Honky Tonkitis

Here's where you talk to the band


In an effort to boost interest among younger people, Honky Tonkitis hired a team of popular teenage girls to review their honky tonk website. After much research and discussion, these girls concluded that the Honky Tonkitis website is not even funny.

"It's worse than not funny," expert Reagan summarized, "it's like, just...sad. It's pathetic."

"I looked at and I didn't even laugh," Kennedy, another expert, added.

"Even my grandparents wouldn't think it was funny, and they laugh at anything. Mostly cos' they feel sorry for you," teen expert Madison concluded.

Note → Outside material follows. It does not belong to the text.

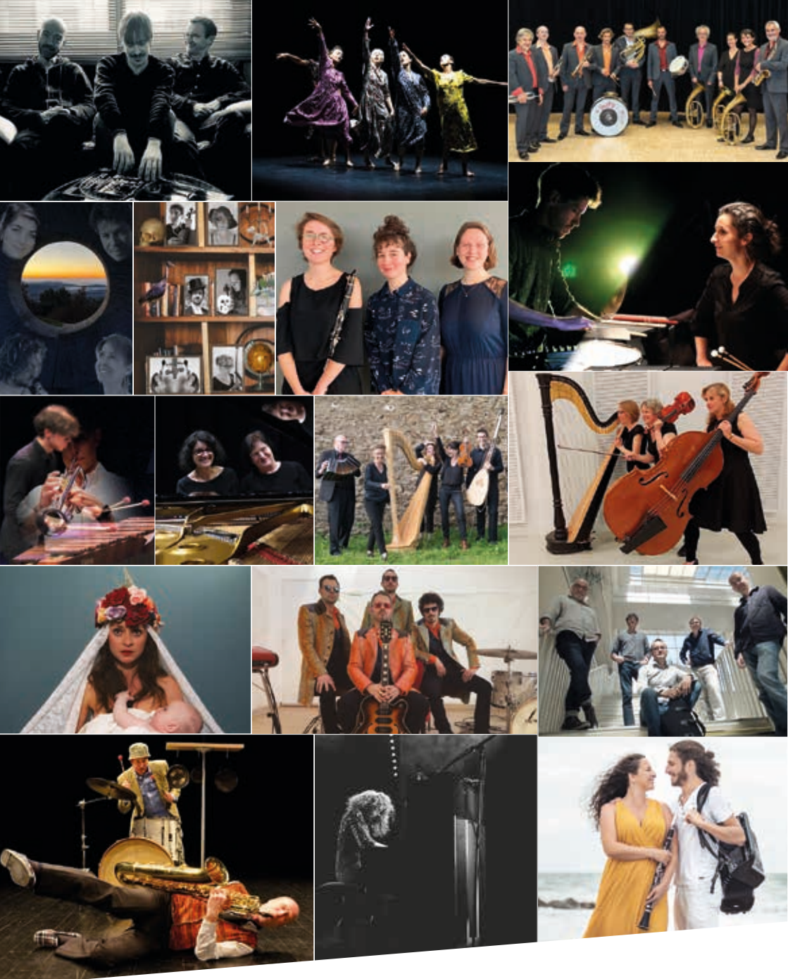
Le Conservatoire – École d'art / Arts plastiques – Danse – Musique – Théâtre de La Roche-sur-Yon est un établissement culturel municipal classé par le ministère de la Culture.

"Madison's right," BFF Harrison replies, "I'd feel sorry if I met this band. Actally, no, I'd just hand them a razor blade and show them where the bathroom is."

"I've vomited better lunches than these guys write." McKinley added, "In fact, I just did." 

"C'mon, girls," concluded Bush, the leader of the popular girls group, "It's obvious they're fat. They're a bunch of fat fatties who nobody'll ever love. Let them take their fat website with them to fatcamp where they can eat and be fat and alone. Forever."

Members of Honky Tonkitis only comment was to say they would not be leaving their rooms for the next seventy million years or till they, like, die.